GI日本ダービー(東京・芝2400m)が5月30日に行なわれる。 断然の主役と目されているのは、一冠目となるGI皐月賞…

 GI日本ダービー(東京・芝2400m)が5月30日に行なわれる。

 断然の主役と目されているのは、一冠目となるGI皐月賞(4月18日/中山・芝2000m)を完勝したエフフォーリア(牡3歳/父エピファネイア)。昨年のコントレイルに続く、無敗での二冠達成なるか、大きな注目を集めている。



皐月賞を圧勝し無敗でのダービー制覇を狙うエフフォーリア

 しかしながら、その快挙達成は決して容易なものではないだろう。なにしろ今回のダービーでは、皐月賞には出走しなかった"新たな刺客"たちが虎視眈々と一発を狙っているからだ。

 その筆頭は、GI桜花賞(4月11日/阪神・芝1600m)2着のサトノレイナス(牝3歳/父ディープインパクト)だ。確固たる勝算を持って、牝馬クラシックのGIオークスではなく、強豪牡馬相手のダービーへと駒を進めてきた。

 これに続くのは、GIII毎日杯(3月27日/阪神・芝1800m)で驚異のレコード勝ちを決めたシャフリヤール(牡3歳/父ディープインパクト)と、同2着のグレートマジシャン(牡3歳/父ディープインパクト)。
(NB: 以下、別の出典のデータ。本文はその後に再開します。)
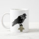 Un corbeau noir à jet trône au sommet d'une flèche de l'église Fleur-de-Lis. J'adorerais voir ce design dans la nature ; étiquetez-moi sur Instagram @parry_vegan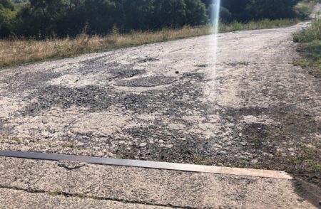問題のくそ道と山道ですが、どちらの道もかなり特殊な荒れ方をしているのが問題です。ヒンケルシュタインと同じくらいコンクリートの舗装が古いのだと思いますが、ところどころ表面が剥がれるようにバリッと剥がれており、剥がれた破片が道じゅうに広がっているのです。剥がれはどんどん進行するので破片は常に補充されている、という感じです。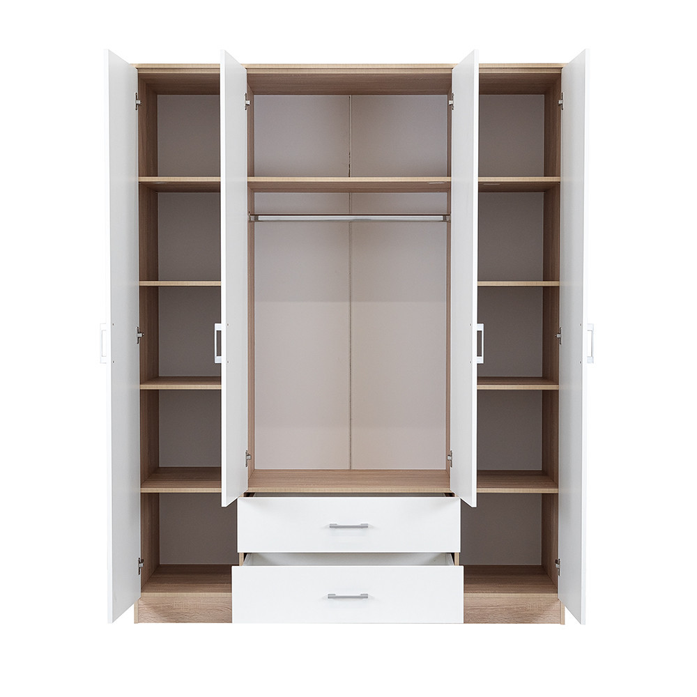 Az elegáns fehér front és a fahatású sonoma tölgy korpusz ötvözete tökéletes harmóniát teremt a nappaliba vagy a hálószobába egyaránt. A 205 cm magas, 160 cm széles és 55 cm mély gardróbszekrény ideális választás mindenki számára, aki szeretné rendszerezni ruháit és kiegészítőit.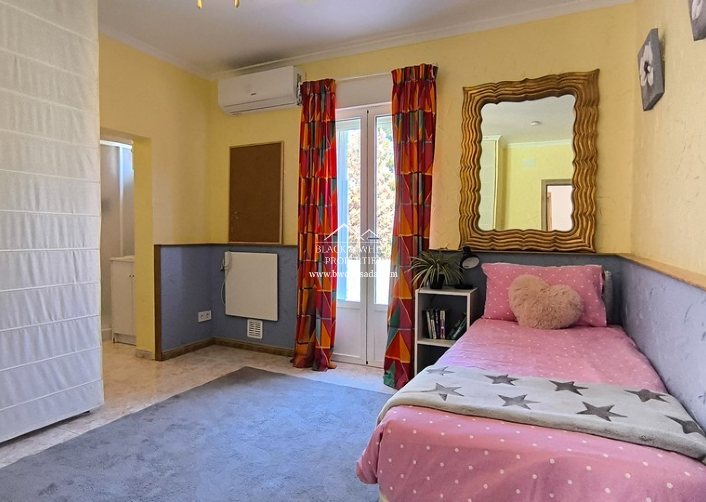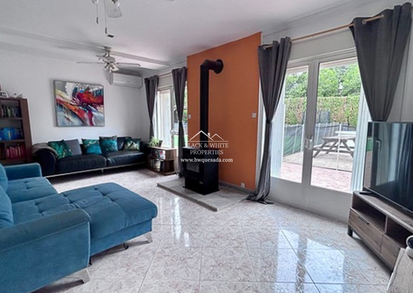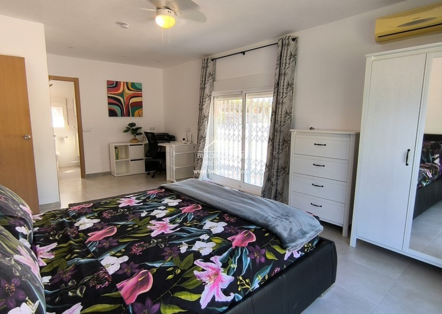 L’entrée principale mène à une terrasse couverte, idéale pour profiter du climat méditerranéen tout au long de l’année. À l’intérieur, un espace ouvert regroupe salon, salle à manger et cuisine, créant un environnement chaleureux et fonctionnel. Le salon dispose d’un poêle à bois, parfait pour les mois les plus frais. La villa compte cinq chambres, chacune avec sa propre salle de bain attenante, ainsi qu’une salle de bain familiale supplémentaire pour plus de praticité. Tout se trouve sur un seul niveau, facilitant la vie quotidienne.
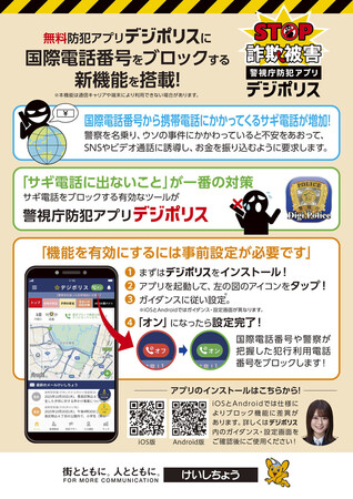 〔写真説明〕防犯アプリ「デジポリス」に搭載された国際電話ブロック機能について案内するチラシ(警視庁提供)

いずれも、皐月賞をパスしてダービーに照準を絞ってきた。

 また、ダービーの前哨戦では、GII青葉賞(5月1日/東京・芝2400m)をワンダフルタウン(牡3歳/父ルーラーシップ)が、GII京都新聞杯(5月8日/中京・芝2200m)をレッドジェネシス(牡3歳/父ディープインパクト)が、そしてリステッド競走のプリンシパルS(5月8日/東京・芝2000m)をバジオウ(牡3歳/父ルーラーシップ)が、それぞれ勝利。いずれもエフフォーリアとは未対戦ゆえ、王者にひと泡吹かせようと目論んでいる。
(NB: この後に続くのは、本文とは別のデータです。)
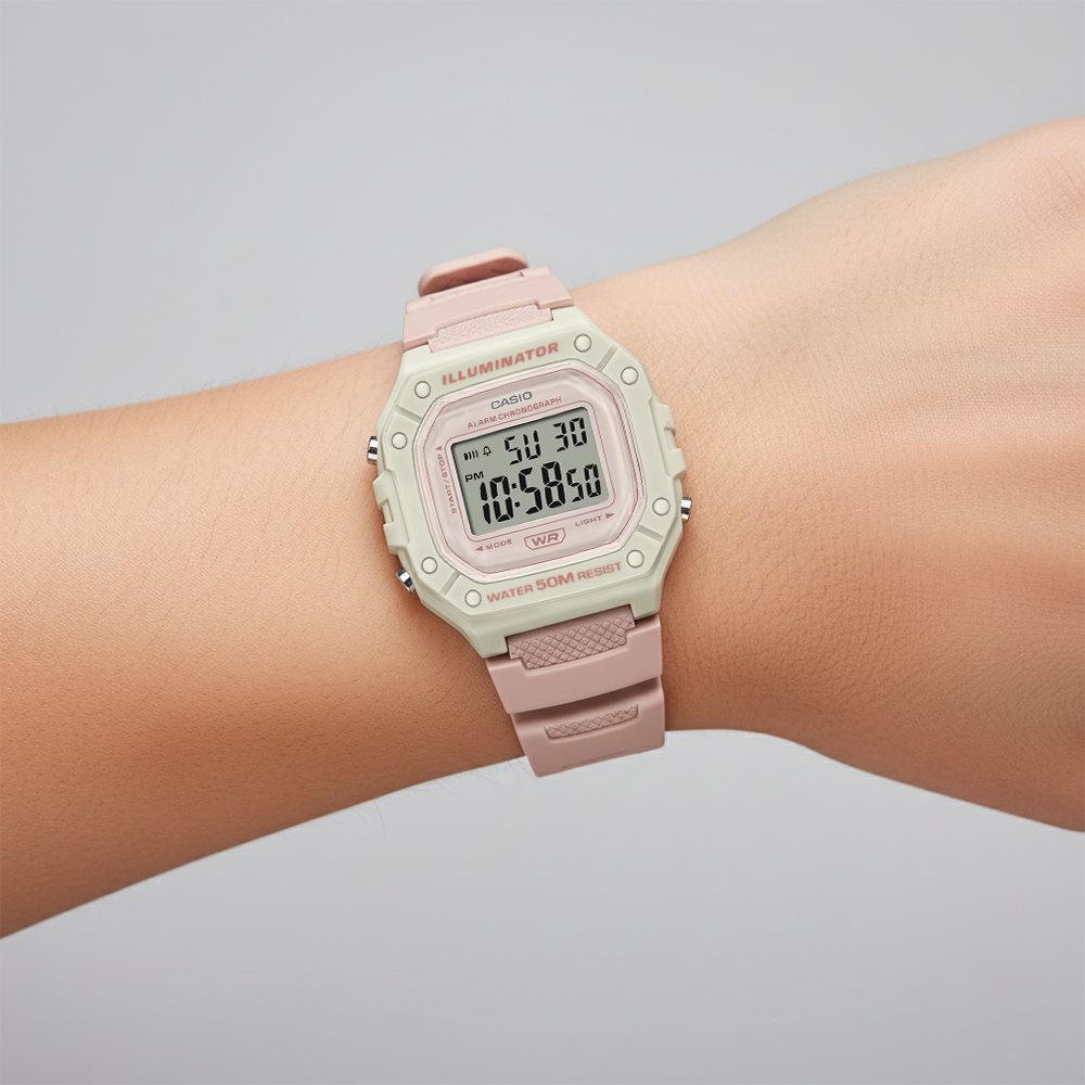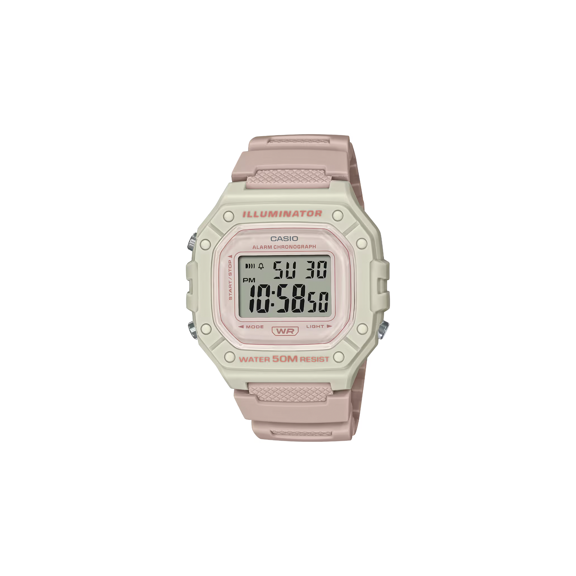 Reloj Casio W-218HC-4A2V Unisex: caja y correa en resina rosa pálido (nude), diseño cuadrado clásico, cronómetro, alarma y luz LED. Resistente al agua 50 m. Perfecto para uso diario con estilo sutil.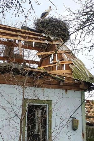 Она опубликовала фото разрушенного оккупантами дома, на останках крыши которого поселился аист.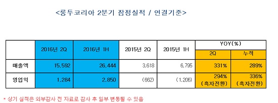 룽투코리아는 4일 잠정실적 공시를 통해 2분기 연결기준 매출액이 156억원을 달성해 지난해 동기대비 331% 급증했다고 밝혔다.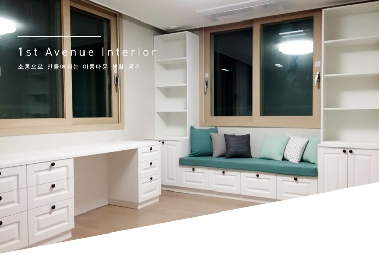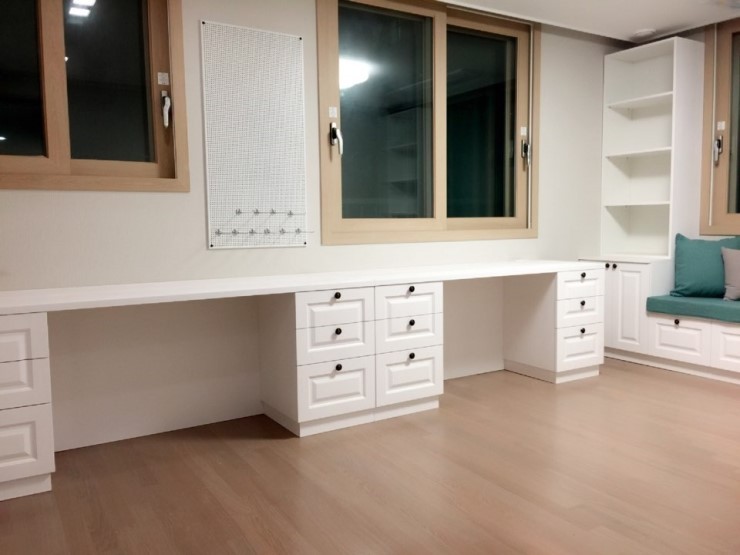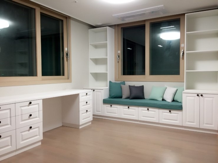 새아파트의 경우 공사 기간이 짧은 경우가 많습니다. 이럴땐 현장제작 부분과 외주 제작 부분을 나누게 되는데 두 방법 모두 장점과 단점이 있기 때문에 상담하는 과정에서 선택 할 수 있게 됩니다. 지금 보시는 서재가구는 외주에서 제작한 가구 입니다.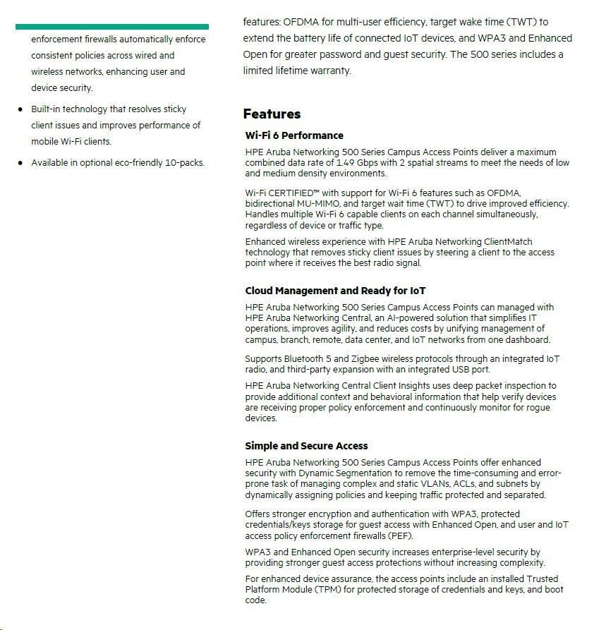 Odkaz na web výrobce: https://www.arubanetworks.com/assets/ds/DS_AP500Series.pdf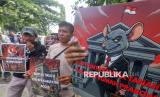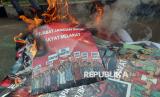 REPUBLIKA.CO.ID, BOGOR -- Sejumlah poster untuk menolak mafia tanah dibakar saat unjuk rasa di depan kantor Agraria dan Tata Ruang/Badan Pertanahan Nasional (ATR/BPN), Kabupaten Bogor, Jawa Barat, Selasa (21/10/2025).
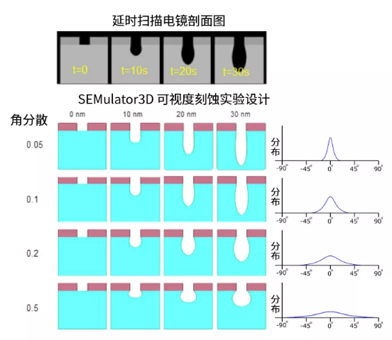 圖3:模擬實(shí)驗(yàn)設(shè)計(jì)與延時(shí)SEM的比較。模擬實(shí)驗(yàn)設(shè)計(jì)使用了恒定刻蝕量和不同的角分散(高斯分布的標(biāo)準(zhǔn)差),進(jìn)行模擬并顯示增量材料刪除步驟失效。右側(cè)的直方圖說(shuō)明了角度分布與軟件中數(shù)值設(shè)置的相關(guān)性(不按比例)。刻蝕工藝的實(shí)際角分散是通過(guò)找到與刻蝕輪廓最匹配的模擬實(shí)驗(yàn)設(shè)計(jì)結(jié)果來(lái)確定的。

 こうなると、競馬界最高峰のレースは今年も熾烈な争いになることは必至。ここでは、その決戦を前にしての3歳牡馬の『Sportivaオリジナル番付(※)』を発表したい。なお、牝馬のサトノレイナスもダービーに出走するため、今回のランキング対象に加えている。
※『Sportivaオリジナル番付』とは、デイリー馬三郎の吉田順一記者、日刊スポーツの木南友輔記者、独特なデータを駆使するパソコン競馬ライターの市丸博司氏、フリーライターの土屋真光氏、Sportiva編集部競馬班の5者それぞれが、今回はダービーに出走予定の3歳牡馬の実力・能力を分析しランク付け。さらに、そのランキングの1位を5点、2位を4点、3位を3点、4位を2点、5位を1点として、総合ポイントを集計したもの。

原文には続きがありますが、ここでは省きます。